Originally written in October 2016 for the Baylor Business Fellows newsletter
A cool summer night in downtown San Diego. The breeze is coming off the bay. I’m wandering through the Seaport Village shops, and I see it. It’s hideous. It’s glorious. And it’s on sale.
It was a Hawaiian shirt. Predominantly blue, with pineapples and hibiscus and palm fronds in the pattern. Coconut shell buttons. Made in Hawaii. It would be mine. My first Aloha shirt, to commemorate a fun week at a conference in San Diego.
I got back to Texas and realized the flaw in my thinking. I don’t actually wear Hawaiian shirts. Ever. And I had visited San Diego, not Waikiki. So maybe this wasn’t such a great purchase.

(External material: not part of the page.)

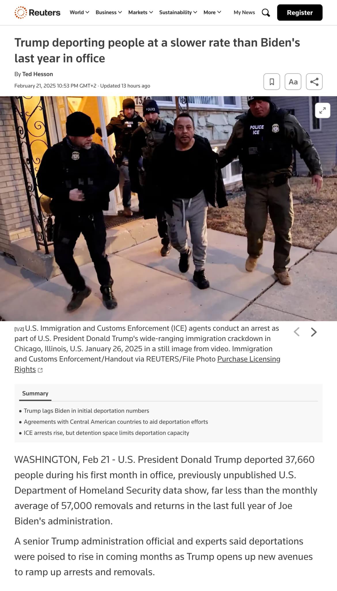Однако первоначальные данные свидетельствуют о том, что Трампу будет сложно соответствовать более высоким показателям депортации за последний полный год администрации Байдена, когда было поймано большое количество мигрантов, незаконно пересекающих границу, что упростило их депортацию.

Then I remembered something from past travel to Hawaii: the Aloha Friday. For decades, at the urging of Hawaii’s shirt makers, businessmen began wearing brightly-colored Aloha shirts on Fridays instead of business suits, an early Islander version of “business casual.” What if I just declared Aloha Friday, and started wearing my new shirt on Friday? If anyone were to ask why I had on such a ridiculous shirt, the answer was simple: “Aloha Friday!”
And so it began. The tradition became every Friday that I could get away with once I found several really inexpensive tropical-pattern shirts on sale for under $10 each during Kohl’s January clearance. And then I added some higher-quality shirts to the collection on my last visit to Hawaii in 2013.
For me, Aloha Fridays started as a way to wear some ridiculously obnoxious shirts to work. It signaled to everyone around me that we don’t have to be so stuffy, even if we are a business school.
But most importantly, it was a reminder not to take myself too seriously, to be sure to have a bit of fun and whimsy with all of the other things going on in my days. Let’s face it – it’s hard to get too smug or too proud of yourself when you’re wearing a shirt covered in flowers.
These days, the Aloha Friday has become a bit of a thing. Several of my economics faculty colleagues wear Hawaiian shirts on Fridays. (A former colleague, who was born and raised in Hawaii and does not join in the silliness, sniffed that we “looked like cheap tourists.” “Exactly!” we cheerily replied.) And a few years back, when my ECO 1380 class still met on Fridays, some of the Business Fellows began to join in.
It makes me smile when I see any of you in an Aloha shirt, on a Friday or otherwise. If you decide to wear one of these shirts, I hope you’ll keep in mind the biggest reason that I have continued this tradition as a key part of my own lack-of-fashion choices. It’s a reminder that I’m really not all that big of a deal, that the corner office and seemingly important titles are all just accoutrements to more important things in life, and that putting too much stock in my own importance is just chasing after the wind.